What engineering leaders should be asking

If you’re leading an engineering team in 2026, four questions.

Are your juniors learning or just producing? Track time-to-independence on new domains, not code output. If engineers can’t debug without AI after six months, the skill tax is real in your org.

Does your hiring process test understanding or output? If a candidate can’t modify their own solution under pressure, their take-home is meaningless. Budget the time for pair programming. Right now it’s the only reliable signal left.

How wide is your AI fluency gap? Survey how your team actually uses AI (not whether they use it, but how). If you find a 7x thinking-time gap between your best and worst AI users, that’s a training problem, not a tools problem.

Are you building on all three layers? Don’t invest in AI tools (Layer 2) if your DX foundation (Layer 1) is broken. Fix CI, fix environments, fix onboarding first. AI multiplies whatever’s already there, including the chaos.


The uncomfortable part

AI now makes it easier to produce code and harder to develop the judgment needed to produce good code. Same tools, same access, completely unequal outcomes. The feedback loops that used to build expertise are eroding, and most of us haven’t noticed yet because the output looks fine.
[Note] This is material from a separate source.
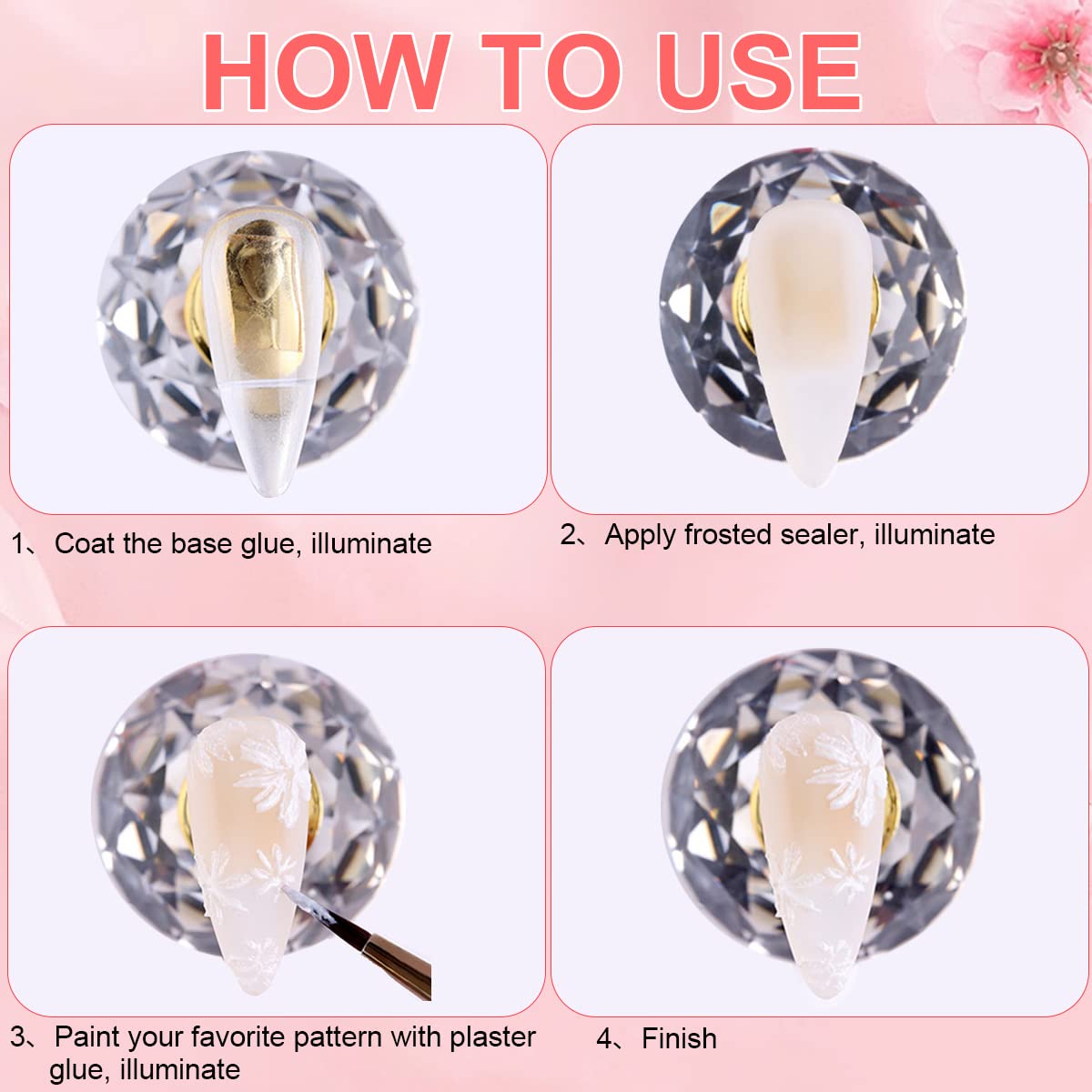 【使用方法】1.まず甲片にプライマーを塗ります。LEDライトを照射して凝固させ、2.研磨シールを塗り、LEDライトを照射して凝固させ、3.石膏ゲルで好みの色を描き、LEDライトを凝固させると、自分のネイルデザインが完成する。

The talent pipeline isn’t breaking in one dramatic failure. It’s developing hairline fractures, in learning and in evaluation, that are easy to miss individually. Together, they’re reshaping what “being good at software” even means.

The teams that come out of this well won’t be the ones that adopted AI fastest. They’ll be the ones that protected the friction required for actual learning, even when everyone around them was celebrating how much faster things felt.

In my previous article, I wrote: “In the AI era, productivity has shifted from writing speed to validation speed.” I’d update that now: In the AI era, the most valuable engineering skill isn’t using AI. It’s knowing when not to.


Sources and further reading

  1. Anthropic RCT on AI-assisted learning - RDEL Newsletter #133, 2026
  2. CTO Craft TMW #471, Andy Skipper - AI and hiring, 2026
  3. Alberto Romero, “The 99% Problem” - The Algorithmic Bridge, 2026
  4. Pragmatic Engineer AI Tooling Survey - ~1,000 respondents, 2026
  5. Luca Rossi, “The New Pyramid” - Refactoring Newsletter, 2026
  6. METR Study, July 2025 - AI and developer productivity
  7. My previous articles: AI Productivity Paradox, Modular Skills

Methodology note: This article was written with AI assistance (Claude Code). The sources were collected in my personal knowledge base over two weeks of newsletter processing. The synthesis, opinions, and editorial choices are mine. Claude helped with structuring and drafting, and I used my own humanizer pipeline to remove AI-isms from the prose. If you spot one I missed, I owe you a coffee.